INFORMATION SHOWN:

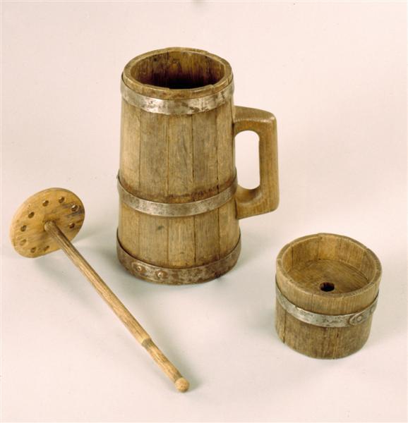 Eikenhouten karnton of stande. Conische ton: even lange, rechte duigen, waarvan er één voorzien is van een groot houten handvat, ongeveer halverwege de lengte drie ijzeren banden en een verhoogde bodem. De stamper heeft een ronde steel, handvatuisparing met kropvormig uiteinde druif en een platte schijf met gaten(cirkelvorm). De schede heeft duigen met ijzeren band en een dekselplaat (met gat voor de stamper).
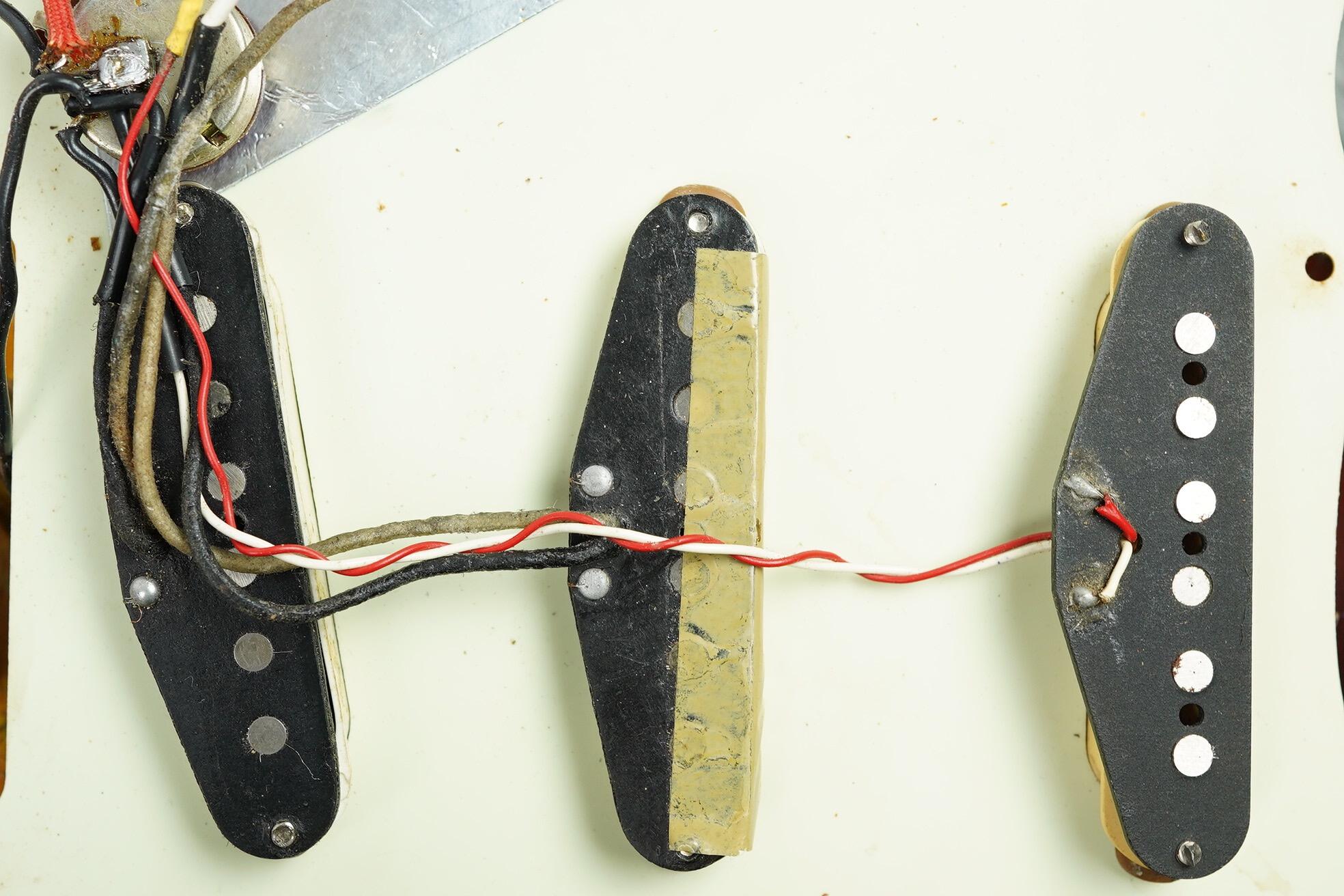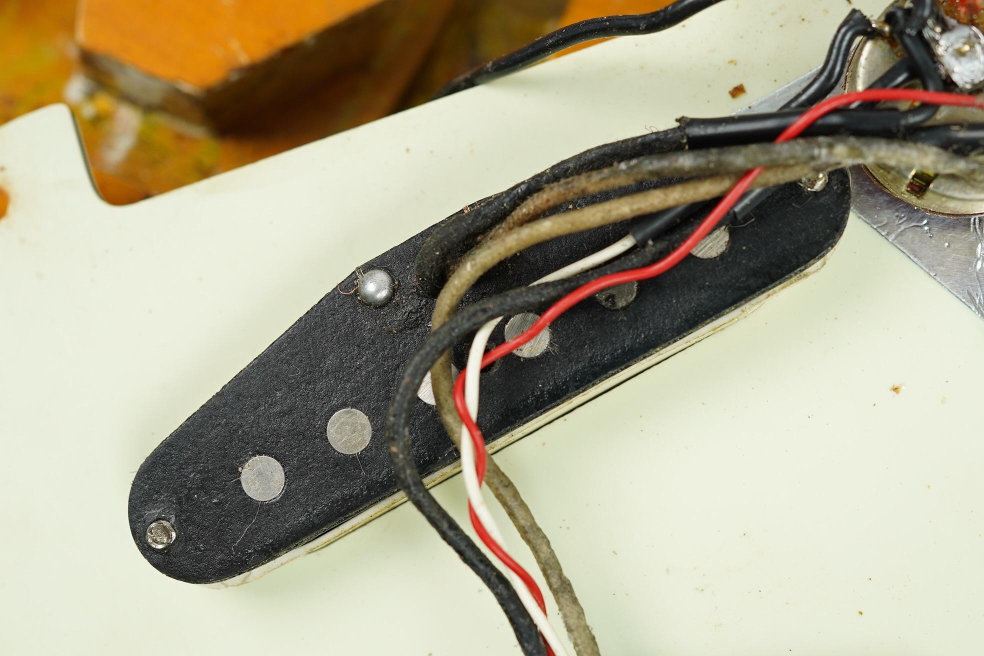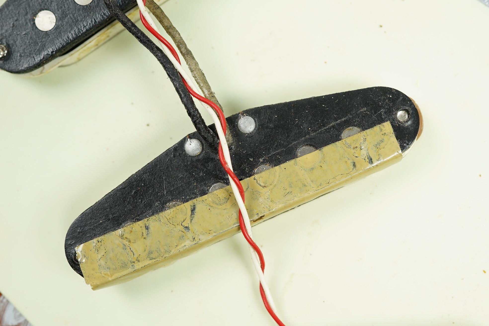 Electronically two of the pickups are correct and don’t look to have been rewound. The neck pickup is a later example and all the pots and switch have been changed.
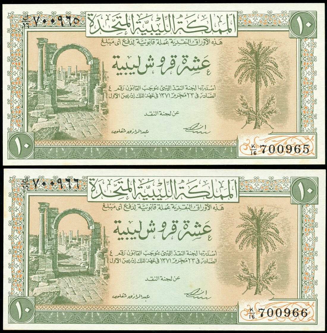 (x) United Kingdom of Libya, 10 piastres (2), 1951, serial numbers K/16 700965/966, green and pale pink, arms at right, arch at left
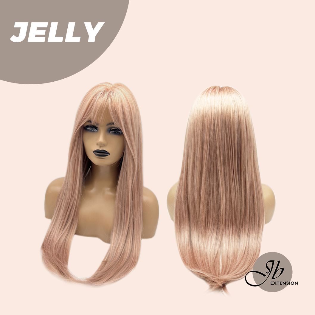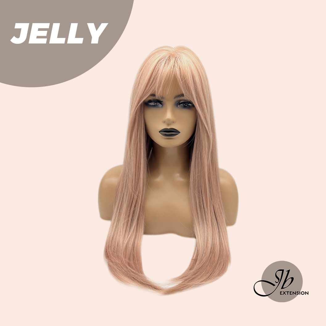 JBEXTENSION 24 Inches Long Straight Pink Wig with Bangs JELLY
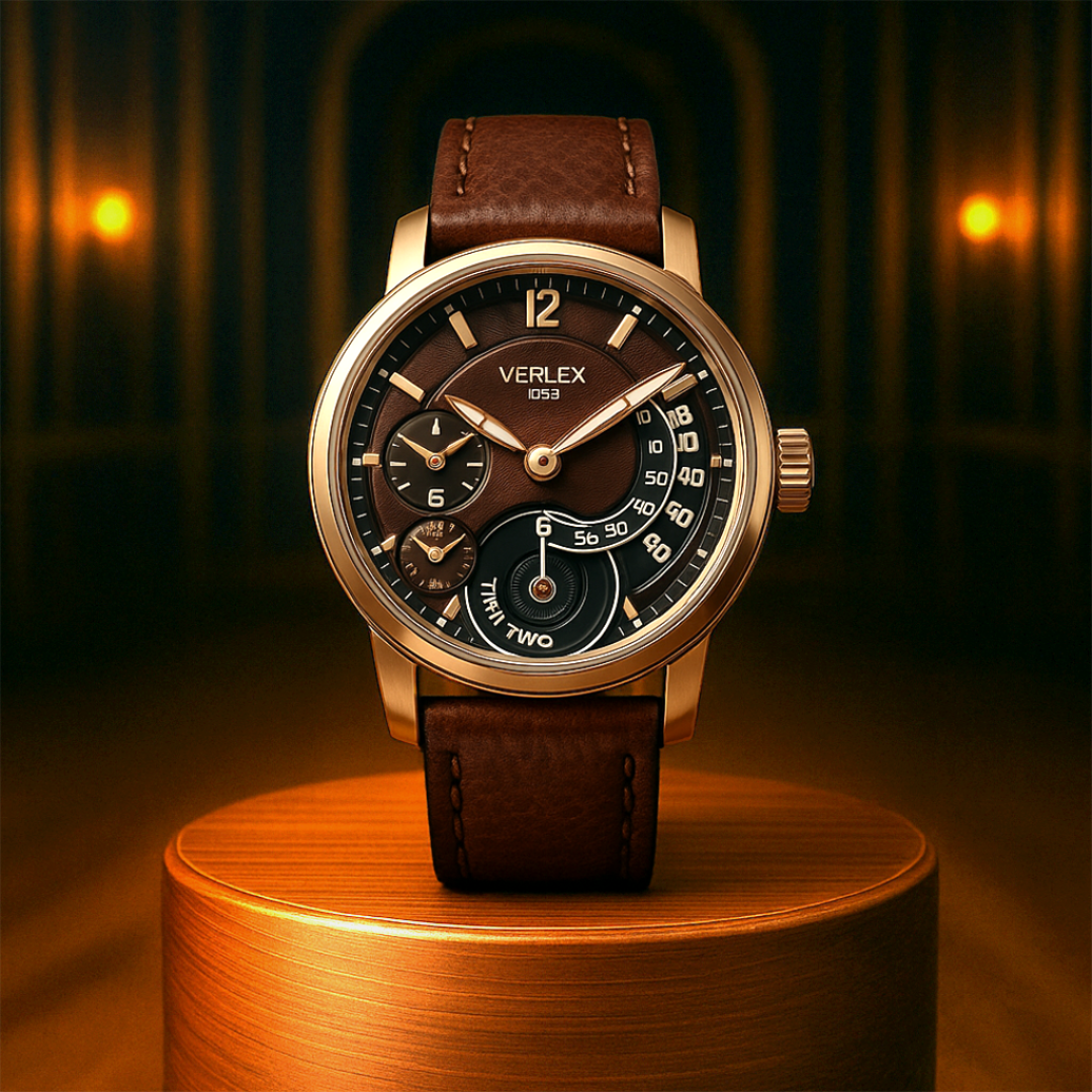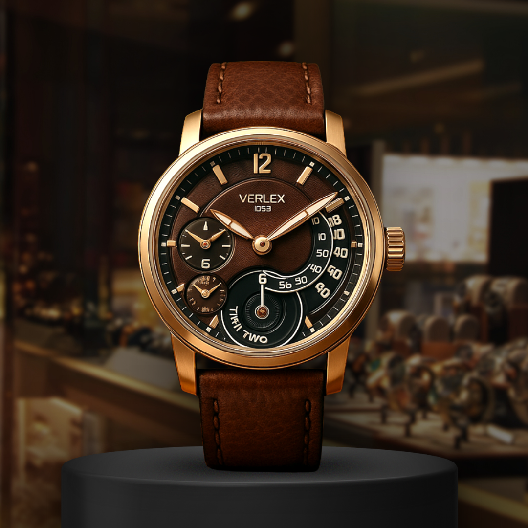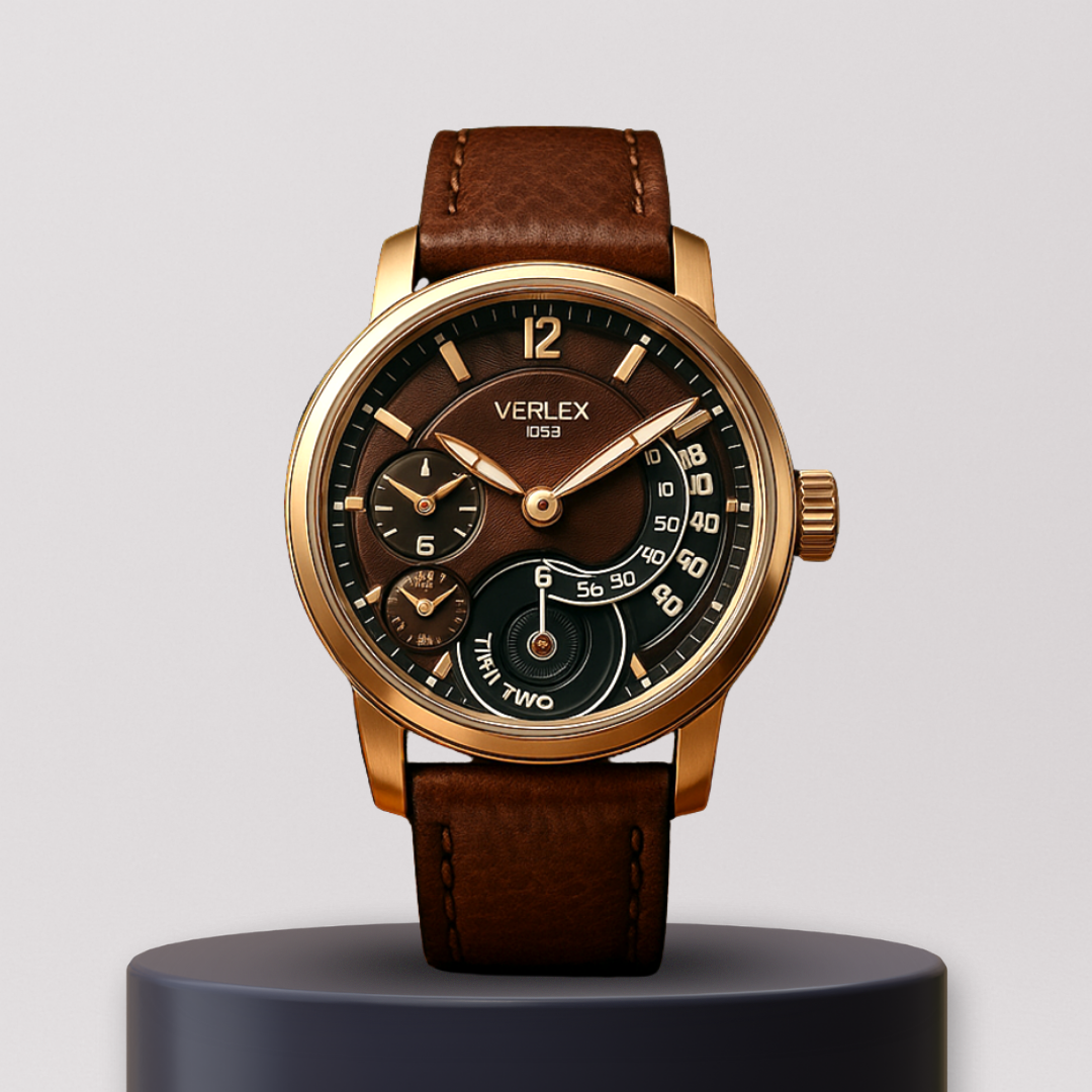 The Heritage Dual Time blends vintage charm with modern precision. Encased in warm bronze, its espresso-brown dial features dual sub-dials for tracking separate time zones, accented by gold-tone indices and a unique arc-shaped seconds counter. The stitched leather strap enhances its classic appeal, making it a refined companion for travelers and connoisseurs alike.
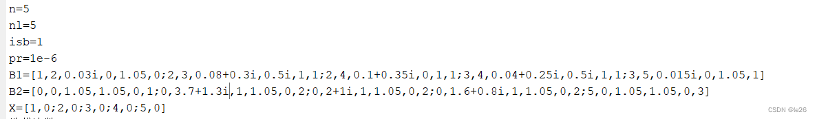 4)初始给定值矩阵B2=[0,0,1.05,1.05,0,1;0,3.7+1.3i,1,1.05,0,2;0,2+1i,1,1.05,0,2;0,1.6+0.8i,1,1.05,0,2;5,0,1.05,1.05,0,3]
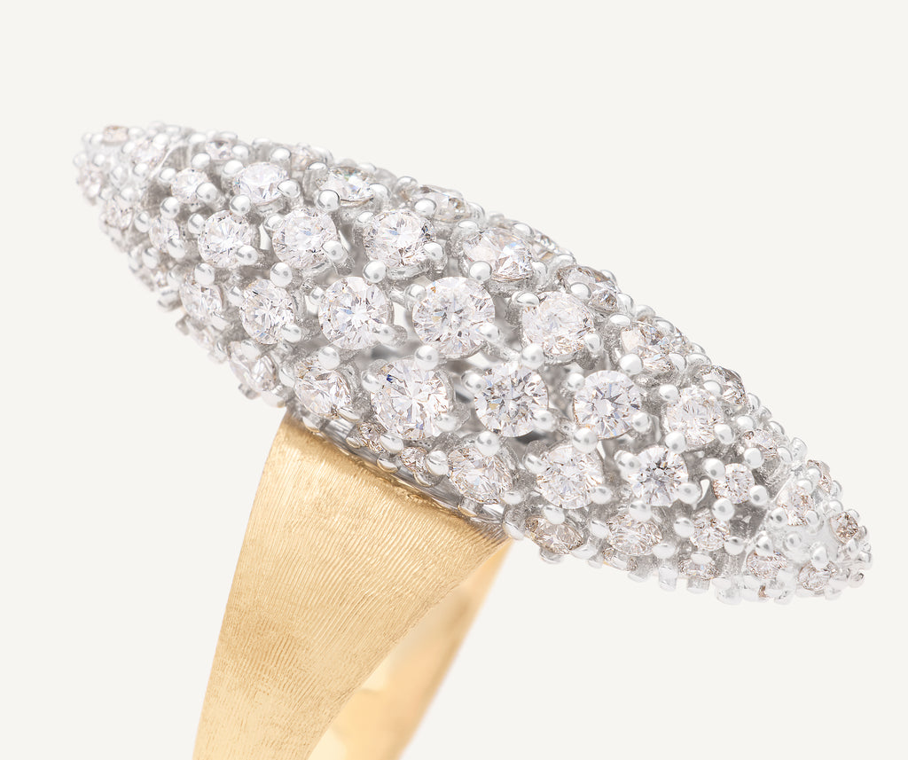 Con sus volúmenes esculturales, este anillo de oro amarillo de 18 quilates está adornado con un elemento central de forma ovalada en pavé de diamantes. El aro está grabado finamente a mano mediante la antigua técnica orfebre artesanal del buril mil rayas, para un efecto brillante extraordinario y un tacto sedoso.

AIM OF THE TASK:
Although the records above contain pictures, your copy should give only their text, exactly as written.

WRITTEN ANSWER:
 Eikenhouten karnton of stande. Conische ton: even lange, rechte duigen, waarvan er één voorzien is van een groot houten handvat, ongeveer halverwege de lengte drie ijzeren banden en een verhoogde bodem. De stamper heeft een ronde steel, handvatuisparing met kropvormig uiteinde druif en een platte schijf met gaten(cirkelvorm). De schede heeft duigen met ijzeren band en een dekselplaat (met gat voor de stamper).
 Electronically two of the pickups are correct and don’t look to have been rewound. The neck pickup is a later example and all the pots and switch have been changed.
 (x) United Kingdom of Libya, 10 piastres (2), 1951, serial numbers K/16 700965/966, green and pale pink, arms at right, arch at left
 JBEXTENSION 24 Inches Long Straight Pink Wig with Bangs JELLY
 The Heritage Dual Time blends vintage charm with modern precision. Encased in warm bronze, its espresso-brown dial features dual sub-dials for tracking separate time zones, accented by gold-tone indices and a unique arc-shaped seconds counter. The stitched leather strap enhances its classic appeal, making it a refined companion for travelers and connoisseurs alike.
 4)初始给定值矩阵B2=[0,0,1.05,1.05,0,1;0,3.7+1.3i,1,1.05,0,2;0,2+1i,1,1.05,0,2;0,1.6+0.8i,1,1.05,0,2;5,0,1.05,1.05,0,3]
 Con sus volúmenes esculturales, este anillo de oro amarillo de 18 quilates está adornado con un elemento central de forma ovalada en pavé de diamantes. El aro está grabado finamente a mano mediante la antigua técnica orfebre artesanal del buril mil rayas, para un efecto brillante extraordinario y un tacto sedoso.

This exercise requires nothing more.